ついでに,上で係数1.96をmultiplierと言っていますが,この日本語訳もご存知でしたらご教示いただければ助かります(もしかして,乗数かなとも思うのですが)。

No.12705 Re: 続 信頼区間について  【青木繁伸】 2010/05/24(Mon) 17:47

> というようなことでしょうか。

そういうことでしょう。

> multiplier

テクニカルタームというほどのものでないので,倍数とか乗数とかなんでもよいでしょう。

No.12707 Re: 続 信頼区間について  【Hara_da】 2010/05/24(Mon) 20:02

青木先生,ご回答くださりありがとうございます。大変助かりました。大変恐縮ですが,いま少し(?)ご教示願えれば助かります。ちょっと多いのですが,まとめて掲示いたします。

(1) If either of the outcomes is infrequent, then its proportion is close to 0, the 95% confidence interval calculated by this method may include values of less than 0 or greater than 1.(ここで,この方法とは, SEとしてsqrt(p(1-p)/n)を使う方法のこと)。
上記で,pが0に近ければCIの間隔は狭くなりそうに思えるのですが,この文の後 に,If the number of observations for the infrequent outcome is below 5, the exact method should be used. とあることからすると,これはあくまで,nが非常に少ない場合に限定した話ということなのでしょうか。

(2) If one of the two outcomes does not occur at all, the lower sample proportion is equal to zero.
こ こで,lower sample proportionといのはsqrt(pq)/n)の,例えば,p < qとして,pのことを言っているのだろうと思うのですが,次の質問との関連で見れば,下側限界のことを言っている,あるいは,その両方?,という気もする のですが。この点について,意見を伺いたいのですが。

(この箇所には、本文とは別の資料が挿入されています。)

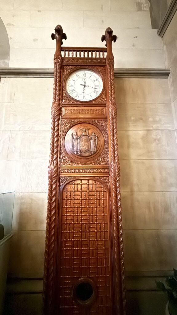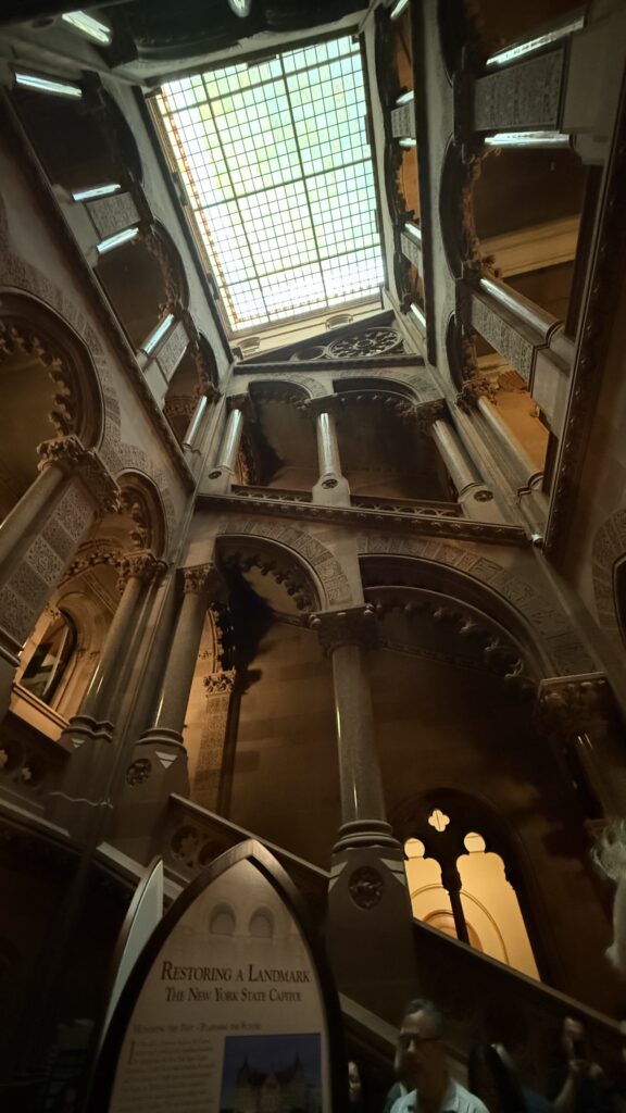 This State Capitol is…unique. But hey, isn’t all of New York? It has a lot of interesting “Easter Eggs,” pointed out by our tour guide, for example the Westchester marble, hand cut by Sing Sing prisoners; medieval, gothic, Islamic, and Renaissance themes; intricate carvings along the staircase and throughout the chambers. When work began, electric lighting did not exist, but by the 1880s the Capitol was one of the first public buildings in America to have electricity.

(3)上の文に続いて,However, even if a particular outcome is not observed in a sample it does not mean that it can never occur.
標 本に観測されないこと,not = 発生確率 0で,このような考えに立ってrule of 3を用い,その場合,下限値を0とするとのことですが,これについて何も理由が説明されていません。p+z^2/2n ±sqrt(p(1-p)/n+(z/2n)^2)/(1+z^2/n)がp = 0だと0になるからかと考えたいところだったのですが,続いて,上限は3/nにすると書かれていました。そうなると,どうも何故そのように限界値を設定で きるのか分かりません。これについても,ご教示いただければ,幸いです。

(4) 仮説検定で,「差があり」という仮説から検定を行うと,因子を有する群に差があるという検定結果になってしまう」と説明されておりました。この理由がよく 分からないのですが,命題が曖昧なために,棄却限界が設定できず,検定者の考え一つで,有意差ありとできる,もしくは,標本サイズを大きくすれば,意味が あるなしにかかわらず有意差が出るから,ということかと考察したのですが,考え方としておかしいな点があるでしょうか。

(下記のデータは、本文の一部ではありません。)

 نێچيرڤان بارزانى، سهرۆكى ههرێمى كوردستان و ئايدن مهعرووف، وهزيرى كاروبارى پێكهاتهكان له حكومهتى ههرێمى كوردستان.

質問数が非常に多くなってしまい恐縮ですが,何卒宜しくお願いします。

No.12709 Re: 続 信頼区間について  【青木繁伸】 2010/05/24(Mon) 21:43

(1) 要するに,その方法では信頼限界が 0 以下とか 1 以上になることがあるということを言っているだけで,n がそんなに小さくなくてもそういうことは起こりえます。添付図参照。特に,"number of observations for the infrequent outcome" が 5 以下の時には正確な方法を使えといっていますが,いつだって正確な方法を使え場良いだけの話です(前の質問で n が小さいときには正確な方法すなわち t 分布を使う方法を使えというのも,いつも正確な方法を使えば良いだけの話)。

(2) 事象が観察されなかった(裏を返せば,他方の事象が100%観察された)というような場合には,小さい方の事象が起きた確率は 0 ということ。つまり,硬貨を 10 回投げて,表が0回(表が10回)出た場合,小さい方の確率は共に 0(表が 0,その逆の場合は裏が 0)ということ。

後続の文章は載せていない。